Prova più matura dell'autore, in questo senso, è sicuramente la raccolta intitolata Carlo il cane (1913). Questa vede come protagonista un cane di grossa taglia, dall'aspetto spelacchiato e vessato, che viene adottato da una delle tante famiglie che abitavano le campagne statunitensi di fine Ottocento. Il povero Carlo ne combinerà di tutti i colori, subendo le punizioni (talvolta giuste, molto spesso meno) del giardiniere Patrick. Alla fine della storia, però, avrà luogo un vero e proprio riscatto morale per il protagonista.

Non spetta certo a questa recensione il compito di testimoniare il talento artistico di A.B. Frost. Per far ciò basti guardare alle sue 400 incisioni su legno che compongono Out of the Hurly-Burly, o alle sue illustrazioni di circa 90 libri (l'artista fu chiamato personalmente da Lewis Carroll per illustrare la raccolta di poesie Rhyme? And Reason?).

Il preziosismo di un'opera come Carlo il cane si manifesta sotto duplice veste. Da un lato c'è l'incredibile lavoro di ricerca e innovazione che Frost investì nell'arte illustrata, che dopo di lui non fu più la stessa (fu uno degli ispiratori di Winsor McCay).
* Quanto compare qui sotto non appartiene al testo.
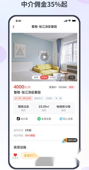 4、担保佣金35%:佣金低至35%起,平台保障中介权益,若房东出现拖欠情况,将由平台先行垫付。

In primis, il disegno a mano libera su carta assumeva grande importanza, dovendo concentrarsi sul punto di fuoco principale su cui far cadere l'occhio del lettore, senza perdersi in inutili dettagli, visti da Frost come mero e sterile virtuosismo. Inoltre, l'artista si concentrò molto sul dinamismo delle proprie scene che dovevano raccontare una sequenza, quasi come si trattasse di un flip book, descrivendo una sorta di "curva di attivazione", che doveva dare l'idea del divenire pagina dopo pagina. Questa tecnica fu raffinata anche grazie a un uso delle ripetizione di elementi comuni (statici) entro una scena, così da dare maggiore risalto a quegli altri elementi (dinamici) che cambiavano di vignetta in vignetta, quando si metteva in moto l'azione.

Dall'altro lato, Carlo il cane è un vero e proprio documento illustrato che ci offre un preciso e oggettivo spaccato di quella che era la vita nelle campagne degli USA di fine '800, in un clima ancora dickensiano, nel quale la popolazione borghese che abitava in città vedeva le campagne come un luogo di arretratezza, soprattutto culturale.

In conclusione, la raccolta di Carlo il cane proposta da Castelvecchi Editore rappresenta un prezioso volume che racchiude al suo interno un pezzo di Storia del fumetto, in un'epoca nella quale la Nona Arte era ancora in fase embrionale.